***** RECORDS FOR THE EXERCISE

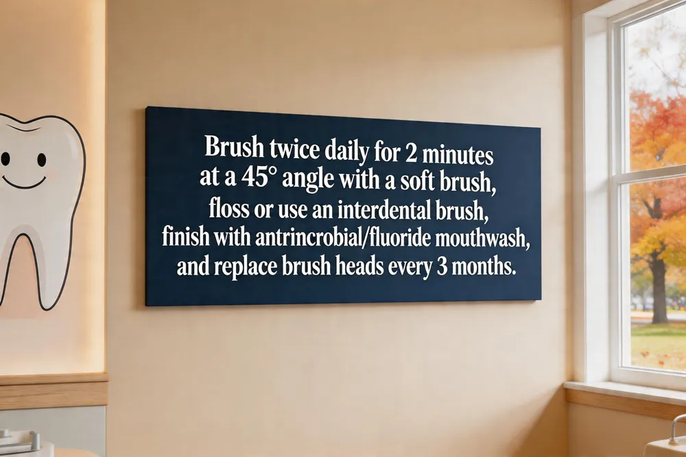 Actionable daily checklist – Brush twice a day for two minutes with a soft‑bristled brush at a 45° angle, using fluoride toothpaste. Floss or clean interdental spaces daily, and finish with an alcohol‑free antibacterial mouthwash. Chew sugar‑free gum or snack on crunchy fruits and vegetables to boost saliva, which neutralizes acids and helps keep enamel strong. Replace your toothbrush every three to four months.
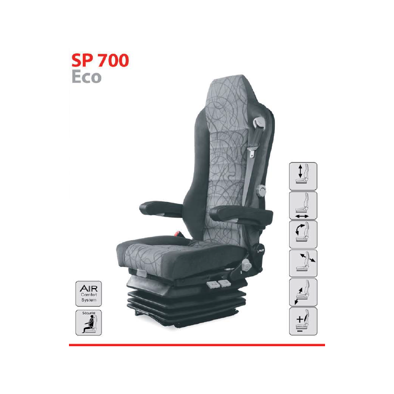Nom de la pièce : Siège pneumatique, passager, ceinture 3pts lombaire pneumatique, tissu , avec accoudoirs, entraxe 260 et coloris noir.
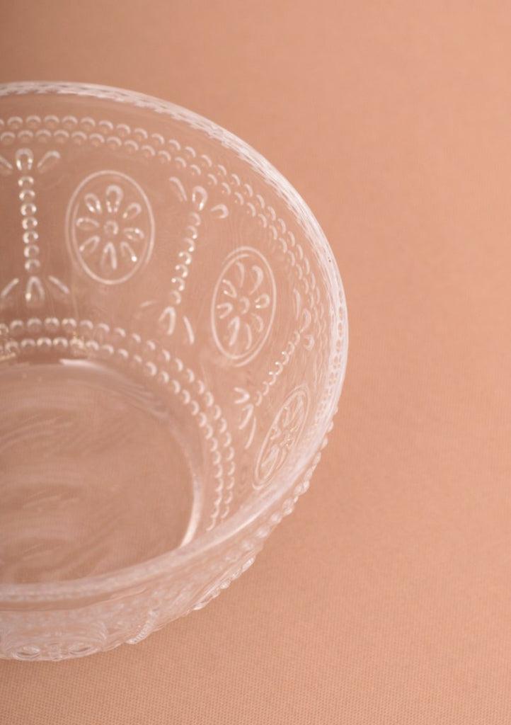 Tazón chico con detalles brocart. Su diseño es mas moderno que el clásico brocart; combina con cualquier estilo. Tenemos dos tamaños; son super útiles para servir postres, gazpachos, o alguna fruta de temporada. Se verán divinos en tu mesa.
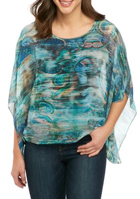 Fast delivery full service customer support. This cold-shoulder scarf top features a flattering silhouette with an elastic bottom and built-in jersey knit lining. A sheer overlay adds soft movement to this scarf top detailed with an ornate paisley print.
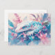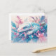 This striking design features a beautiful white leopard gecko shown resting peacefully among a lush arrangement of tropical flora. Created as a high-quality digital illustration in a textured watercolor style, the gecko has creamy white skin adorned with vibrant teal blue spots and deep blue, intelligent eyes. The character is nestled deeply within a vibrant bouquet of hand-painted pink lilies, lavender blossoms, and soft blue tropical leaves that swirl gracefully around its body. Delicate pink paint splatters and shimmering light bokeh effects drift through the airy scene against a soft, off-white background, creating a sense of natural grace and artistic flair. The overall aesthetic is sophisticated, colorful, and full of natural beauty, making it an exceptional choice for reptile lovers and fans of contemporary botanical wildlife art. This elegant gecko postcard is a perfect choice for sending a "thinking of you" note or a meaningful greeting to a friend who admires the exotic beauty of reptiles. You might choose to use this artistic card for a tropical-themed dinner party invitation or to celebrate a professional achievement with a touch of wild elegance for your colleagues. It also makes a beautiful decorative piece for a modern office wall or a stylish addition to a nature journal as a small token of exotic beauty. This versatile design is also an excellent choice for a housewarming message, a graduation thank you note, or as a heartwarming way to share a message of joy for any situation or event.
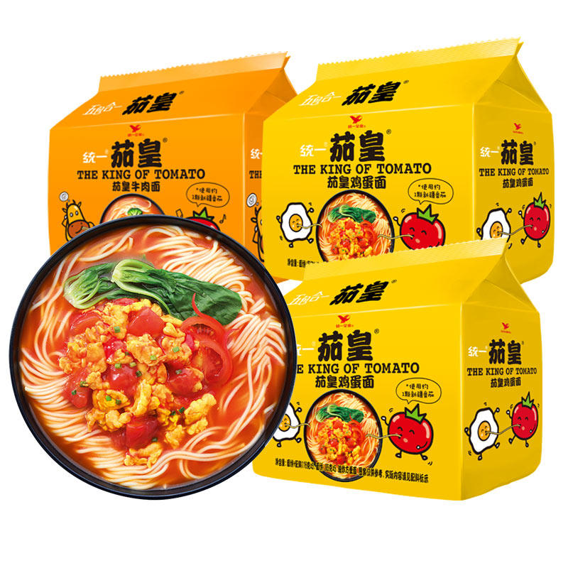 Unified Eggplant Emperor Xinjiang Tomato Egg Noodle Bag Instant Noodle Tomato Beef Noodles Convenient Instant Instant Noodles Eggplant Yellow
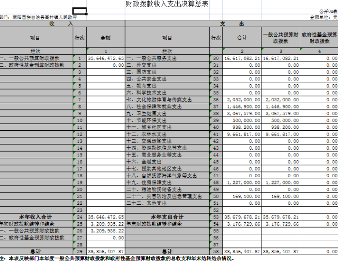 四、財政撥款收入支出決算總表
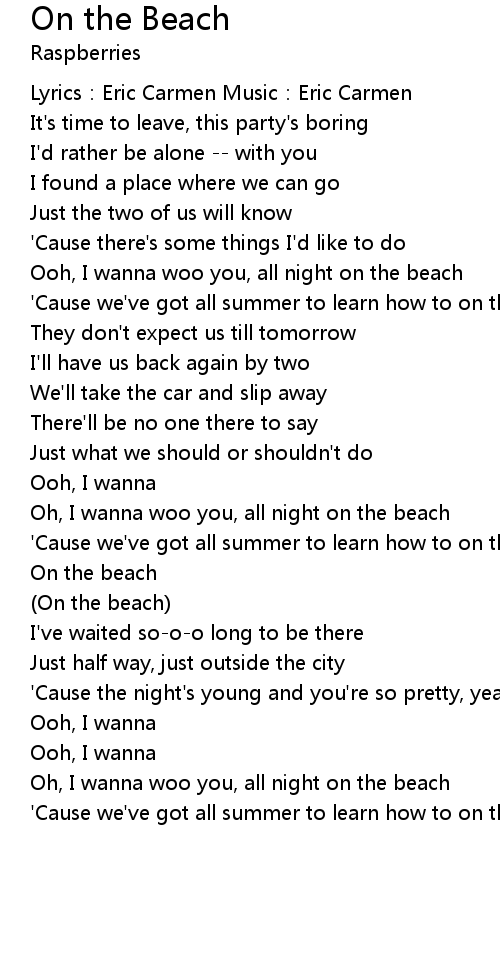 | Oh, I wanna woo you, all night on the beach | |

**********

**WHAT TO WORK ON:** From the records above, copy exactly the lines starting at the one with "Nom de la pièce" and ending at the one with "Tazón chico con", and no others. Pictures stay out.

**YOUR RESPONSE:**
Nom de la pièce : Siège pneumatique, passager, ceinture 3pts lombaire pneumatique, tissu , avec accoudoirs, entraxe 260 et coloris noir.
 Tazón chico con detalles brocart. Su diseño es mas moderno que el clásico brocart; combina con cualquier estilo. Tenemos dos tamaños; son super útiles para servir postres, gazpachos, o alguna fruta de temporada. Se verán divinos en tu mesa.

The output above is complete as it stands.